━━━ MATERIAL PROVIDED ━━━

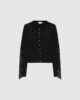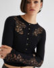 Čutna različica raztegljivega kardigana z ozkim, ženstvenim krojem. Čipkasti vložki in biserni gumbi dodajo popoln odmerek ženstvenosti. Izgled dopolnite z usnjenim mini krilom.
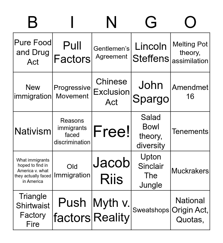 This bingo card has a free space and 24 words: Old Immigration, Push factors, Chinese Exclusion Act, Triangle Shirtwaist Factory Fire, Melting Pot theory, assimilation, Pure Food and Drug Act, New immigration, Pull Factors, Salad Bowl theory, diversity, Jacob Riis, John Spargo, Nativism, Upton Sinclair The Jungle, Muckrakers, Progressive Movement, Sweatshops, Tenements, Gentlemen’s Agreement, Amendmet 16, Reasons immigrants faced discrimination, National Origin Act, Quotas,, What immigrants hoped to find in America v. what they actually faced in America, Lincoln Steffens and Myth v. Reality.
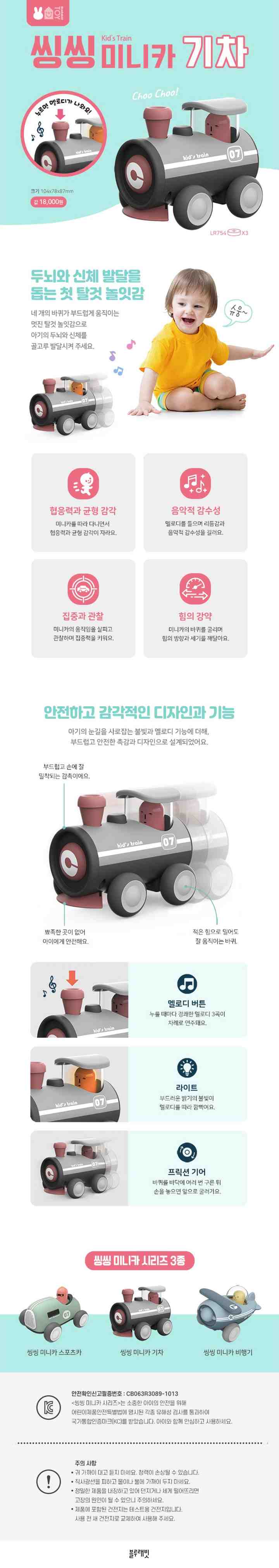 〈씽씽 미니카〉는 멜로디 버튼을 누르는 즉시 신나는 멜로디가 흘러나오고 불빛이 반짝이며 아이의 시선을 사로잡아요. 〈씽씽 미니카 기차〉는 표면이 부드럽고 손에 밀착되는 촉감과 뾰족한 곳이 없는 안전한 디자인으로 설계되었습니다. 기다란 기차 몸통과 투명한 창이 있는 조종석 등 기차 형태의 특징이 잘 살아 있지요. 바퀴에 프릭션 기어가 장착되어, 씽씽 소리가 나도록 바퀴를 바닥에 여러 번 구른 뒤에 손을 놓으면 앞으로 쭉 달려나가요. 부드럽고 안정감 있게 움직이므로 조작이 미숙한 아이도 쉽고 재미있게 놀 수 있어요.
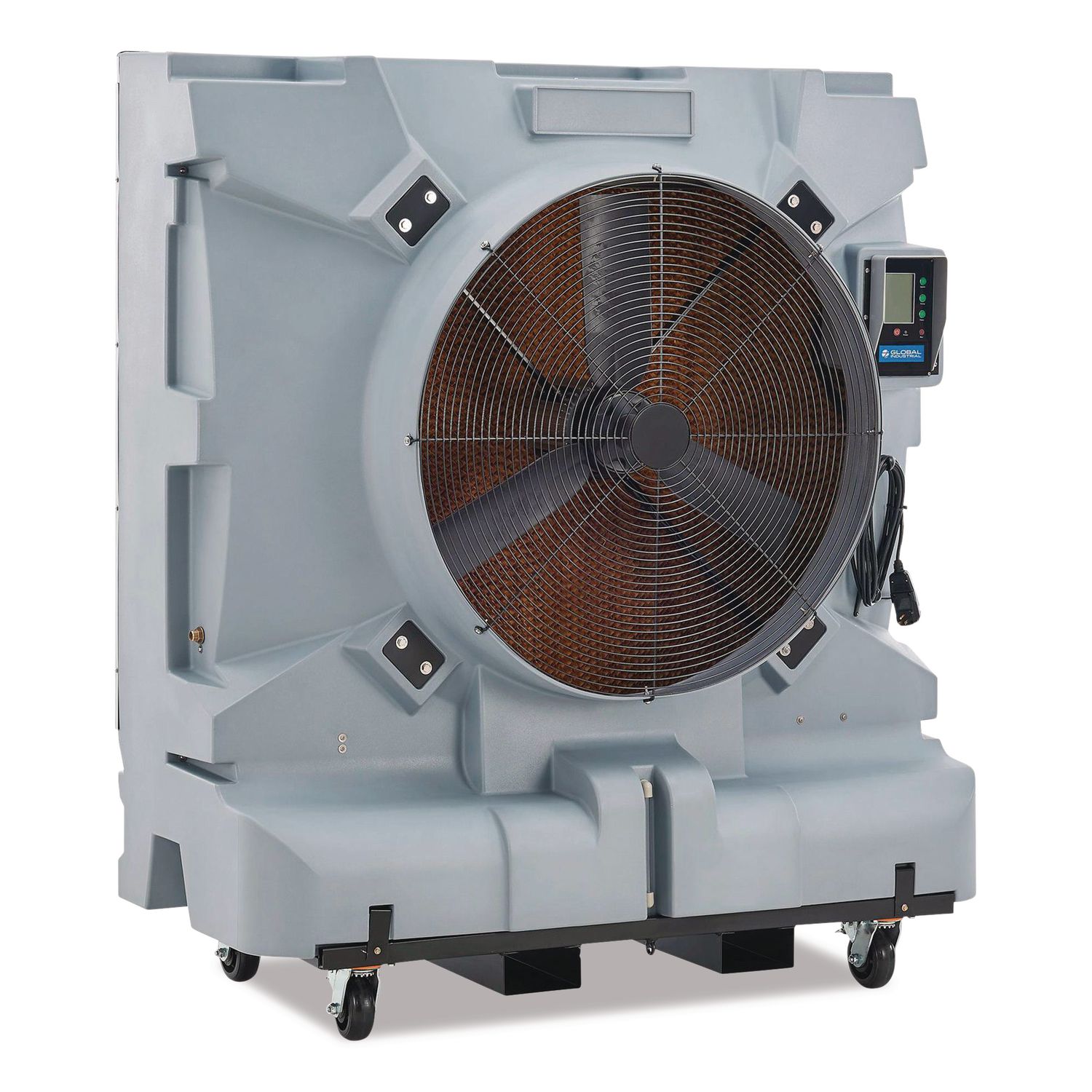 Beat the humidity and the heat with this Portable Evaporative Cooler, a low-cost, solution to keeping spaces cool. Water and forced air are combined in this machine to reduce air temperatures by as much as 26° F. Units are equipped with thick Kraft paper that is coated in water from the pump. The coolers come with a convenient remote control and a micro-computer control panel with easy-to-read LCD display. Built-in timer allows cooler to be programmed to turn on or shut off at preselected times. Also included is an Auto-Shutoff feature for pump motor when water levels drop below the limit. 36″ diameter fan operates at three selectable speeds, and a thick cooling pad ensures reliable heat absorption. Four rubber casters with brakes allow easy mobility along with built-in forklift pockets. Voltage: 115 V; Amps: 7.5 A; Horsepower: 1.18 HP; Motor Phase: Single Phase.
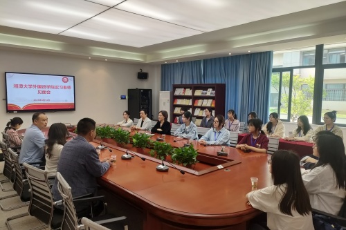 谈球吧(通讯员 李茜)2025年4月14日,谈球吧英语专业本学期第二批14名实习员工,在副经理曹霞、英语系副主任刘永利的带领下,前往谈球吧附属实验公司,开启为期一个月的教学实习活动。谈球吧附属实验公司教学副董事长莫智彬及各年级组长热情接待了实习组,并举行了庄重且富有仪式感的见面会。
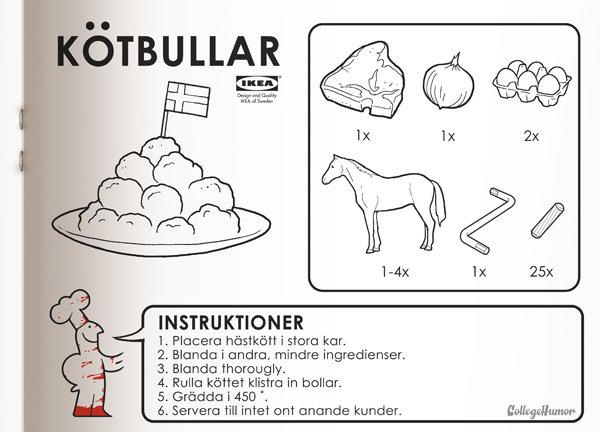 Aufgrund dieser Urkomik der Anleitungen des Kötbullarlieferanten und der meist sehr ironischen Werbung sowie der für deutsche Ohren manchmal ziemlich absurd klingenden Produktnamen hat sich anscheinend eine ganze Witzeindustrie an dem Thema abgearbeitet.
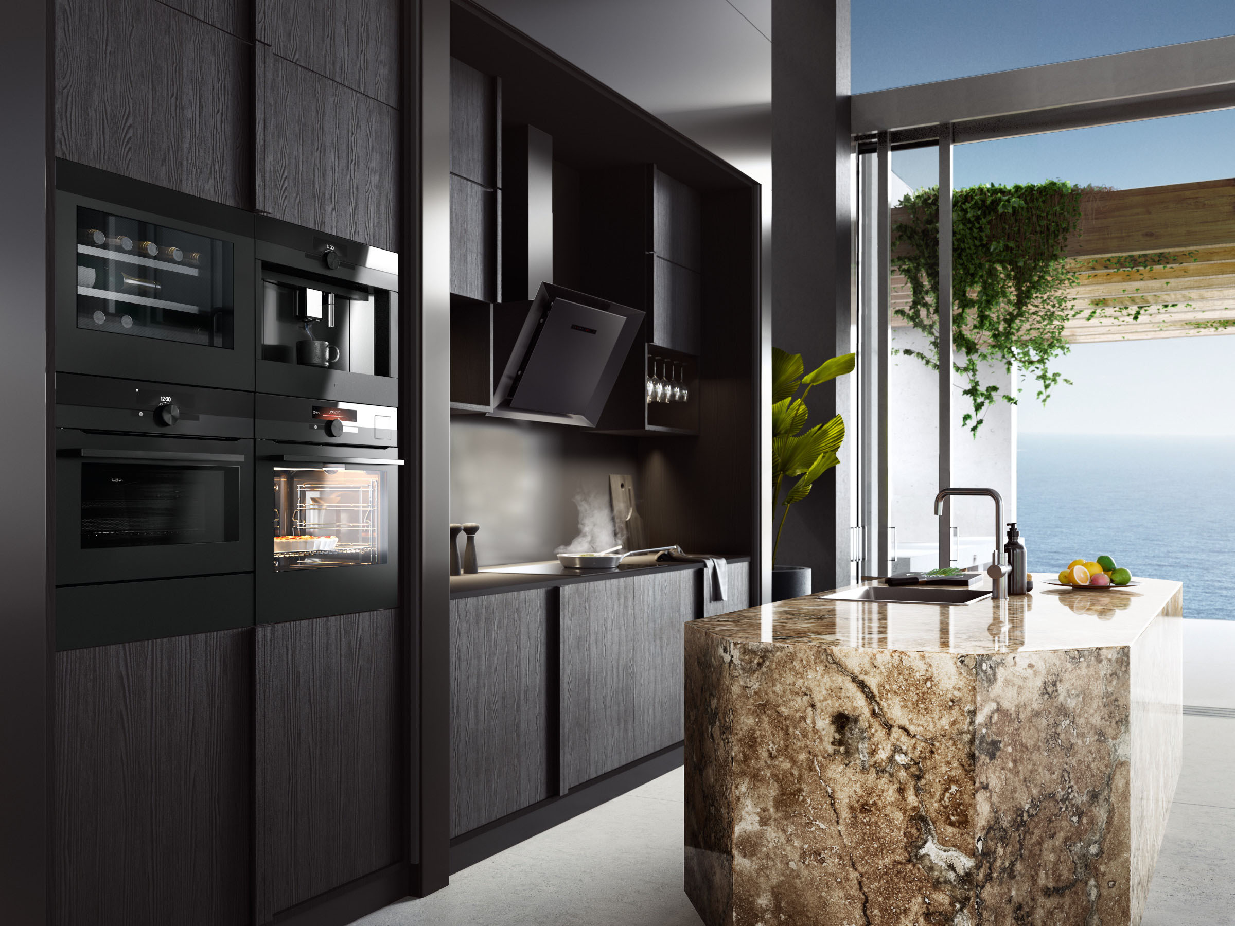 Minimalistisch-zeitloses Design in Schwarz matt mit Antifingerprint-Eigenschaften. Für Kocherlebnisse sorgen innovative Einbaugeräte wie z. B. ein kompakter Weinkühlschrank, Kaffeevollautomat, vernetzter Backofen mit Mikrowelle und ein smarter Multidampfgarer mit Sous-Vide-Funktion. (Foto: AMK)
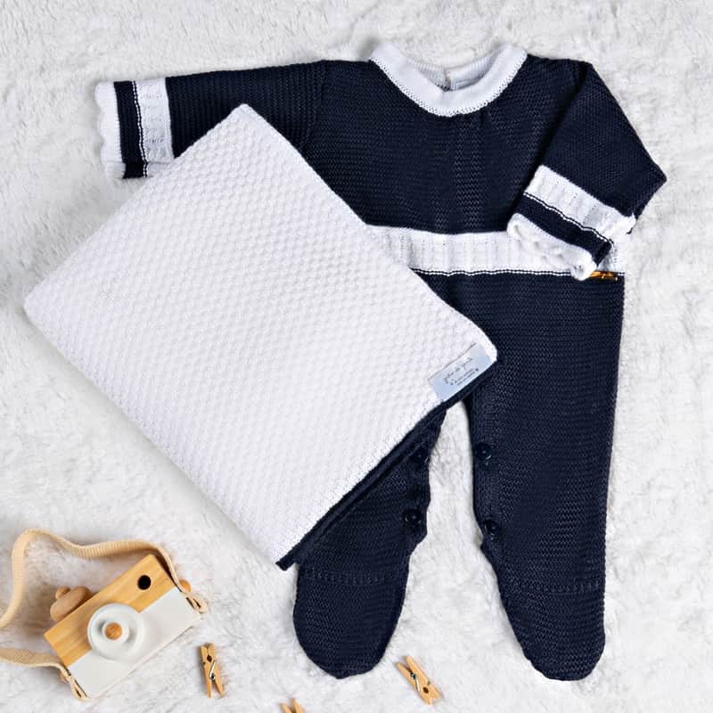 Saída Maternidade Tricot Macacão Azul Marinho 02 Peças da Grão de Gente: R$ 251,59 no PIX ou R$ 295,99 em até 12x sem juros. Frete grátis acima de R$499. Entrega rastreada com garantia de 7 dias para trocas.
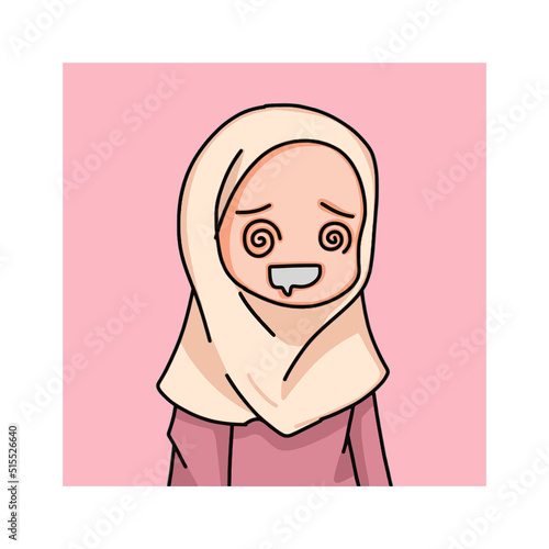 Illustration of a Muslim Kid Girl Wearing Hijab. Vector Illustration

━━━

→ **TO DO**
Keeping every word as it is, write out all the data and omit the pictures.

→ **EXPECTED OUTPUT**
 Čutna različica raztegljivega kardigana z ozkim, ženstvenim krojem. Čipkasti vložki in biserni gumbi dodajo popoln odmerek ženstvenosti. Izgled dopolnite z usnjenim mini krilom.
 This bingo card has a free space and 24 words: Old Immigration, Push factors, Chinese Exclusion Act, Triangle Shirtwaist Factory Fire, Melting Pot theory, assimilation, Pure Food and Drug Act, New immigration, Pull Factors, Salad Bowl theory, diversity, Jacob Riis, John Spargo, Nativism, Upton Sinclair The Jungle, Muckrakers, Progressive Movement, Sweatshops, Tenements, Gentlemen’s Agreement, Amendmet 16, Reasons immigrants faced discrimination, National Origin Act, Quotas,, What immigrants hoped to find in America v. what they actually faced in America, Lincoln Steffens and Myth v. Reality.
 〈씽씽 미니카〉는 멜로디 버튼을 누르는 즉시 신나는 멜로디가 흘러나오고 불빛이 반짝이며 아이의 시선을 사로잡아요. 〈씽씽 미니카 기차〉는 표면이 부드럽고 손에 밀착되는 촉감과 뾰족한 곳이 없는 안전한 디자인으로 설계되었습니다. 기다란 기차 몸통과 투명한 창이 있는 조종석 등 기차 형태의 특징이 잘 살아 있지요. 바퀴에 프릭션 기어가 장착되어, 씽씽 소리가 나도록 바퀴를 바닥에 여러 번 구른 뒤에 손을 놓으면 앞으로 쭉 달려나가요. 부드럽고 안정감 있게 움직이므로 조작이 미숙한 아이도 쉽고 재미있게 놀 수 있어요.
 Beat the humidity and the heat with this Portable Evaporative Cooler, a low-cost, solution to keeping spaces cool. Water and forced air are combined in this machine to reduce air temperatures by as much as 26° F. Units are equipped with thick Kraft paper that is coated in water from the pump. The coolers come with a convenient remote control and a micro-computer control panel with easy-to-read LCD display. Built-in timer allows cooler to be programmed to turn on or shut off at preselected times. Also included is an Auto-Shutoff feature for pump motor when water levels drop below the limit. 36″ diameter fan operates at three selectable speeds, and a thick cooling pad ensures reliable heat absorption. Four rubber casters with brakes allow easy mobility along with built-in forklift pockets. Voltage: 115 V; Amps: 7.5 A; Horsepower: 1.18 HP; Motor Phase: Single Phase.
 谈球吧(通讯员 李茜)2025年4月14日,谈球吧英语专业本学期第二批14名实习员工,在副经理曹霞、英语系副主任刘永利的带领下,前往谈球吧附属实验公司,开启为期一个月的教学实习活动。谈球吧附属实验公司教学副董事长莫智彬及各年级组长热情接待了实习组,并举行了庄重且富有仪式感的见面会。
 Aufgrund dieser Urkomik der Anleitungen des Kötbullarlieferanten und der meist sehr ironischen Werbung sowie der für deutsche Ohren manchmal ziemlich absurd klingenden Produktnamen hat sich anscheinend eine ganze Witzeindustrie an dem Thema abgearbeitet.
 Minimalistisch-zeitloses Design in Schwarz matt mit Antifingerprint-Eigenschaften. Für Kocherlebnisse sorgen innovative Einbaugeräte wie z. B. ein kompakter Weinkühlschrank, Kaffeevollautomat, vernetzter Backofen mit Mikrowelle und ein smarter Multidampfgarer mit Sous-Vide-Funktion. (Foto: AMK)
 Saída Maternidade Tricot Macacão Azul Marinho 02 Peças da Grão de Gente: R$ 251,59 no PIX ou R$ 295,99 em até 12x sem juros. Frete grátis acima de R$499. Entrega rastreada com garantia de 7 dias para trocas.
 Illustration of a Muslim Kid Girl Wearing Hijab. Vector Illustration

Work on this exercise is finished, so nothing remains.